- **Records provided**
- - - - - - -
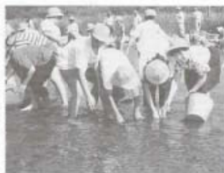
コイを放流する子供たち

小学生と一緒にいる鯉の稚魚の飼育放流や、早春の土手の芝焼き、七草がゆは、南国市の風物詩として定着しつつあると思います。
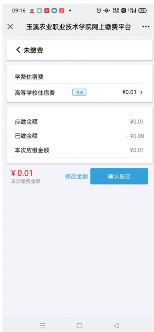
(4) 点击确认提交进行缴费
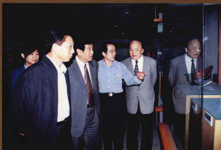
全国政协副主席李蒙(右一)视察鹤煤集团
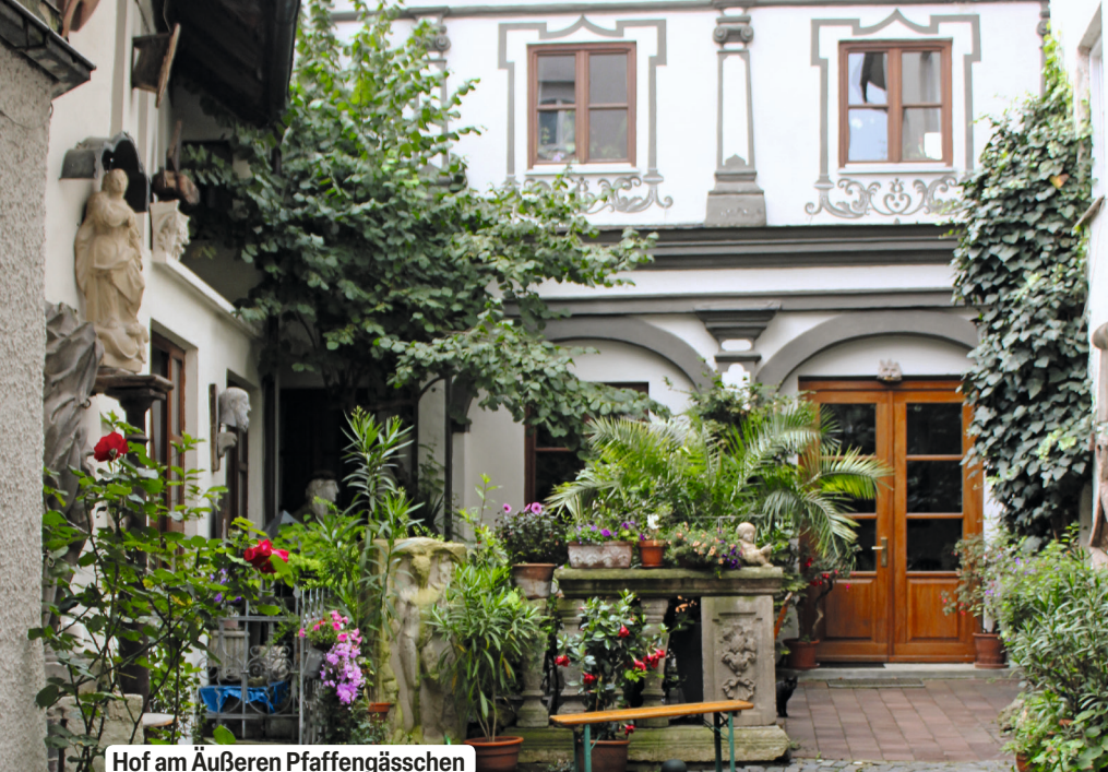
Hof am Äußeren Pfaffengässchen

tatsächlich um einen ummauerten Hof mit Friedhof im Osten, wurde der Ort 1806 zuerst zum Exerzierplatz eingeebnet und schließlich zum Park angelegt. Seitdem steht die Südseite des Domes frei.
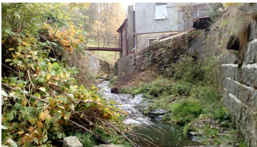
Foto č. 4: Ř.km 0,050, pohled ohled proti směru toku na levobřežní zed', zed' bude vybourána a
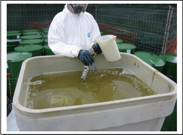
19.13 Fase 1 de disolución en aceite
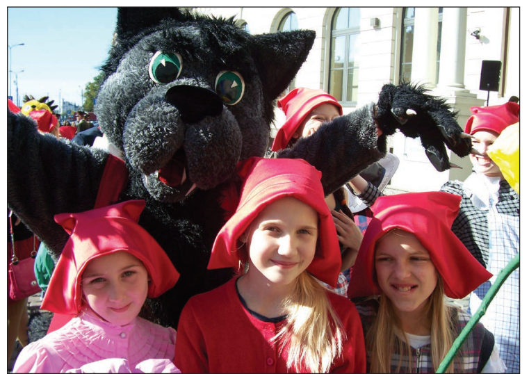
Sarkangalvītes ar Balvu vilku

8. septembrī Eiropas kultūras galvaspilsētas programmas ietvaros norisinājās vērienīgs un krāšņais karnevāla gājiens bērniem „Gribu iet uz bibliotēku!”, ko organizēja Latvijas Nacionālā bibliotēka un nodibinājums “Rīga 2014”.
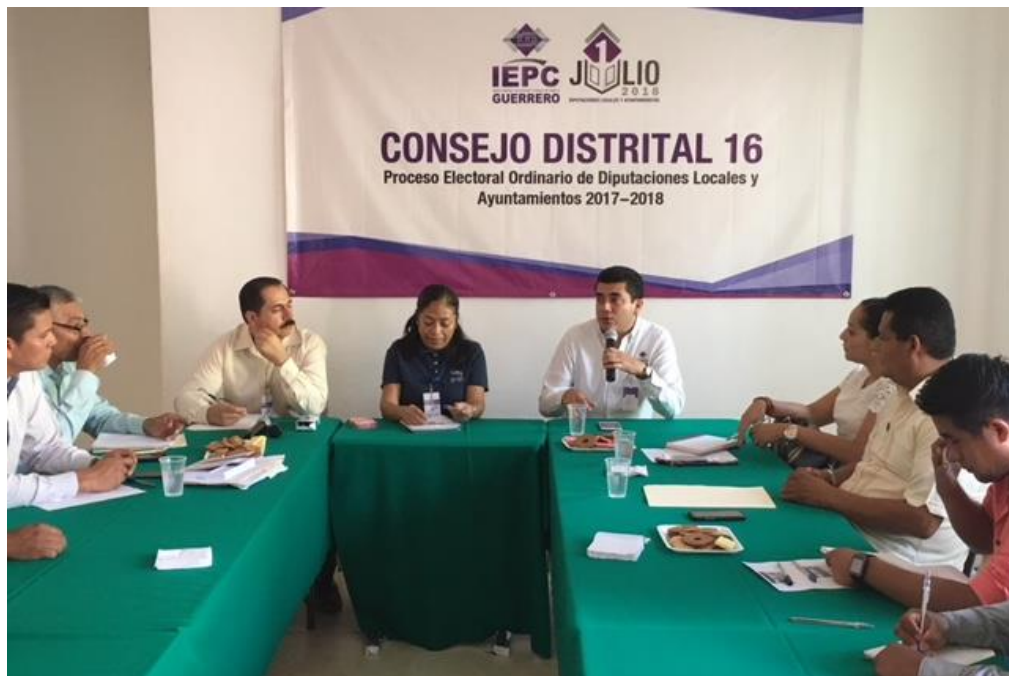
Fotografía 20. Visita a los 28 Consejos Distritales Electorales del IEPC Guerrero, para llevar a cabo la Revisión de los Recursos asignados y taller para dar cumplimiento con la presentación de las declaraciones.
- - - - - - -
- **Work order**
Output the complete listing exactly. Pictures stay out.

- **Solution to the exercise**
コイを放流する子供たち

小学生と一緒にいる鯉の稚魚の飼育放流や、早春の土手の芝焼き、七草がゆは、南国市の風物詩として定着しつつあると思います。
(4) 点击确认提交进行缴费
全国政协副主席李蒙(右一)视察鹤煤集团
Hof am Äußeren Pfaffengässchen

tatsächlich um einen ummauerten Hof mit Friedhof im Osten, wurde der Ort 1806 zuerst zum Exerzierplatz eingeebnet und schließlich zum Park angelegt. Seitdem steht die Südseite des Domes frei.
Foto č. 4: Ř.km 0,050, pohled ohled proti směru toku na levobřežní zed', zed' bude vybourána a
19.13 Fase 1 de disolución en aceite
Sarkangalvītes ar Balvu vilku

8. septembrī Eiropas kultūras galvaspilsētas programmas ietvaros norisinājās vērienīgs un krāšņais karnevāla gājiens bērniem „Gribu iet uz bibliotēku!”, ko organizēja Latvijas Nacionālā bibliotēka un nodibinājums “Rīga 2014”.
Fotografía 20. Visita a los 28 Consejos Distritales Electorales del IEPC Guerrero, para llevar a cabo la Revisión de los Recursos asignados y taller para dar cumplimiento con la presentación de las declaraciones.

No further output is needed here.